Отчаявшаяся, озлобленная, ожесточившаяся против всего света, я мрачно глядела на него и ждала, что он мне скажет.
— Ведь есть же на свете кто-нибудь, кому вы полностью доверяете? — мягко и сердечно спросил он.
— Раз-два и обчелся, — с горечью ответила я. — А если быть точной, то именно два человека. Интересно, кто из них дал вам рекомендацию?
— Зразы говяжьи по-варшавски, — медленно произнес он. — И нельзя два раза войти в одну и ту же реку.
Воцарившееся молчание длилось долго, неимоверно долго. Я не верила собственным ушам. Медленно, с трудом, через толстую оболочку кошмара пробивался к моему сознанию смысл услышанного. Я чувствовала, как постепенно тает переполнявший сердце леденящий ужас, как спадает то страшное напряжение, в котором я пребывала все это время. Меня душили с трудом сдерживаемые слезы, слезы невыразимого облегчения. Колотушка и нож вывалились у меня из рук, я всхлипнула, кинулась на грудь этому замечательному человеку и разревелась.

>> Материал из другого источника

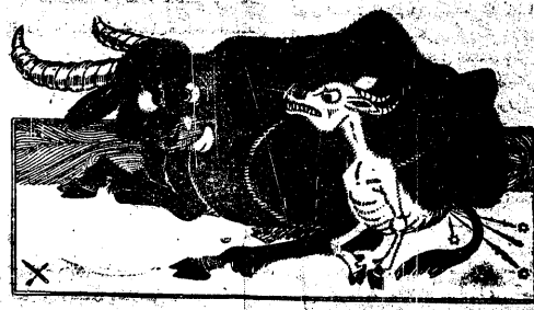
خلق فرانسسیک دامانیسی ایچی چایسی آیتله عملو فرانسسیک حال

اوراق چکیچ الکابی بر عملو کویو غزنیسی در . ایشیلرک بوز غزنیسی در . اونک هر ایزانی ، هر سوزی ایشیلرک حال ، ایشیلرک کیندر . بونکچون هر عملو کویو بر کیدی غزنی لریته . ایچون اولانرک اوراق چکیچ ، ایدیکه مکتوبلایمدر . هر عمل و کویو اوراق چکیچ غزنیسی نه ک اوبون بره سسی ، یازمیسی و خیرسی سیدر . ایشیلرک عملو و قیر کویو لره . ایچون چکیچ

Пальмирский знакомый терпеливо держал меня в объятиях, а я рыдала ему в жилетку, судорожно вцепившись в отвороты его пиджака и с отчаянием думая о том, что мое лицо годится теперь лишь для того, чтобы сидеть на нем.
— Каким образом, — всхлипывая и сморкаясь в его носовой платок, с трудом выговорила я, — каким образом вы узнали о них?